Malcolm olhou-o, inquisitivo. Álvaro atalhou a pergunta.
—É uma longa história —Levantou o copo—. Aos encontros fortuitos!
O inglês imitou-o, bebeu o resto da aguardente. Fez um
gesto ao homem que os olhava do outro lado do balcão
e pediu outra.
—Bebe sempre assim, senhor Malcolm?
A bebida traz utilidade aos sonhos, concede destemor…
—Porque bebo, senhor Álvaro?
Comprimiu os lábios, o seu olhar entristeceu. Tirou de
um bolso do casaco uma carta. Abriu-a, estendeu-a ao
português juntamente com uma fotografia.
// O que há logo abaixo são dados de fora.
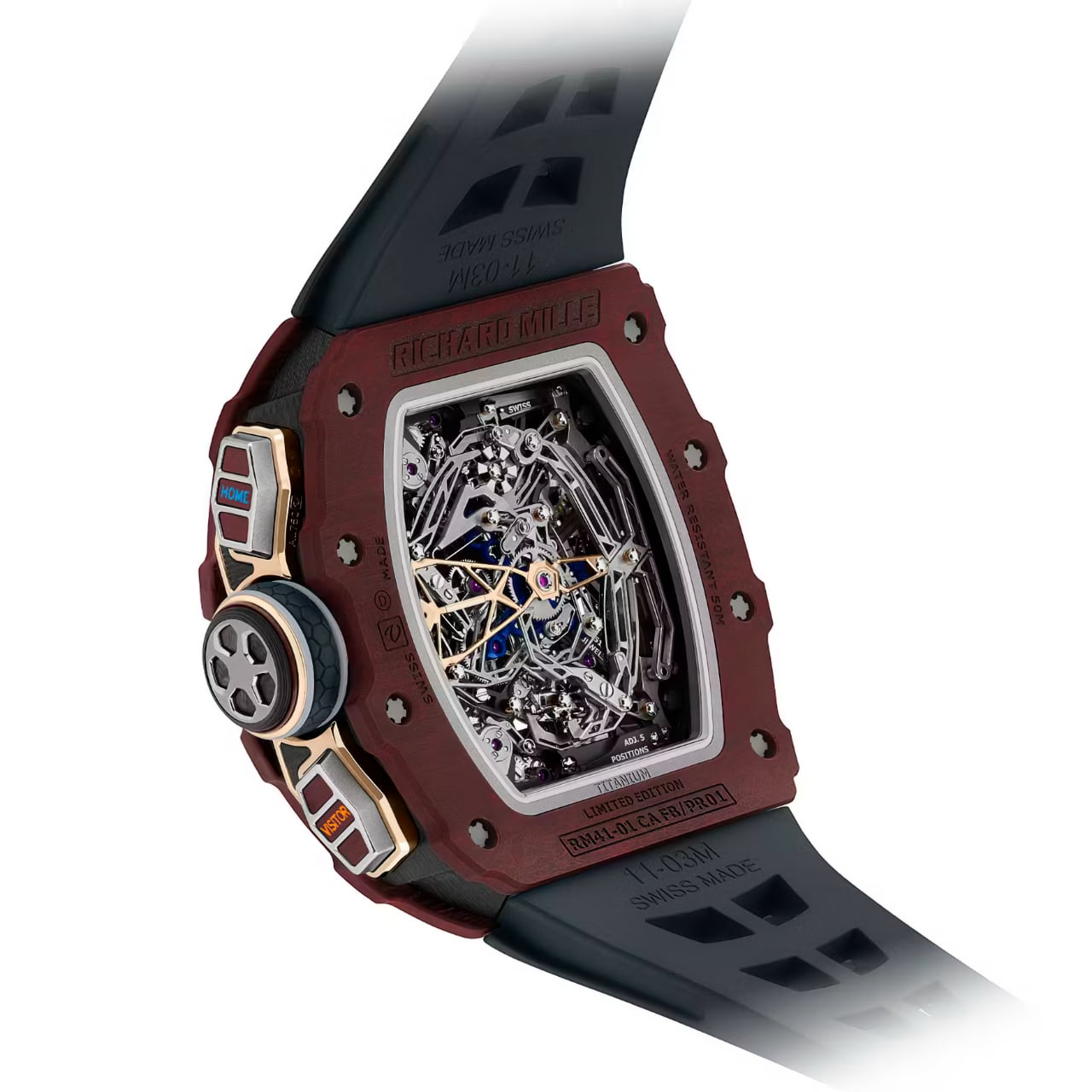 ตัวเรือนประกอบด้วยชิ้นส่วนสามชิ้นที่ประกอบด้วยชิ้นส่วนทั้งหมด 105 ชิ้น ปุ่มกดออกแบบให้มีร่องกันลื่นคล้ายกับคันเร่งรถแข่งและเม็ดมะยมทำจาก Titanium ล้อมด้วยขอบยาง Alcryn เพื่อการหยิบจับที่กระชับมือ ภายในขับเคลื่อนด้วยกลไกไขลานอัตโนมัติ Calibre RM41-01 ที่มีโครงสร้างจากวัสดุ Titanium Grande 5 ซึ่งประกอบขึ้นด้วยชิ้นส่วนภายในมากถึง 650 ชิ้น โดยมาพร้อมฟังก์ชัน Flyback Chronograph ที่ประกอบขึ้นด้วยกลไก Column Wheel ทำหน้าที่ควบคุมการจับเวลาได้อย่างแม่นยำ และสามารถรีเซ็ตเข็มจับเวลาได้ทันทีโดยไม่ต้องหยุดกลไก ทำงานด้วยความถี่ 21,600 ครั้งต่อชั่วโมง สำรองพลังงานได้นานประมาณ 70 ชั่วโมง นาฬิกามาพร้อมกับสายยางคุณภาพสูงพร้อมตัวล็อกแบบบานพับวัสดุ Titanium

Uma rapariga, vinte e poucos anos, cabelos compridos, sorriso em
cima de um vestido de chiffon. Era bonita.
—Talvez esteja a habituar-me à solidão…
—Não devia, meu amigo. É muito novo para isso.
Álvaro devolveu-lhe a fotografia.
—Quantos anos tem, senhor Malcolm?
—Ainda é cedo para saber, meu caro. Dir-lhe-ei mais
adiante.
16
Mas não disse. Espalhou algumas moedas na pedra do
balcão e saiu bruscamente enquanto o patrão arrumava
no passeio umas mesas para o almoço.
***
Subiu e desceu avenidas importantes, ruas sem nome.
Em todos os lugares tentou fugir da recordação, libertarse da dor, das mágoas, deixar as feridas, os demónios,
deixar Granada… Atravessou praças, percorreu jardins,
sombra que não foge do passado mas de si própria. Sombra de uma Granada devastada…
Maldita cidade, maldita pensão Carmona…
—Morra Carmona! —ouviu-se de uma das janelas.
Parou, sobressaltado. Percorreu com os olhos portas e
janelas, todos os recantos, a rua emudecera. Ao fundo,
um homem aproximava-se.
—Não foi em vão que brindámos aos encontros fortuitos —disse Álvaro.
—Eu não teria tanta certeza, meu caro. Nada acontece
por acaso.
—Tem razão. Digamos, então, que apenas antecipámos
os festejos.
Começaram a andar em silêncio.
—Quem é Carmona, senhor Álvaro?
17
—O nosso presidente. Ninguém que valha a pena conhecer, meu amigo.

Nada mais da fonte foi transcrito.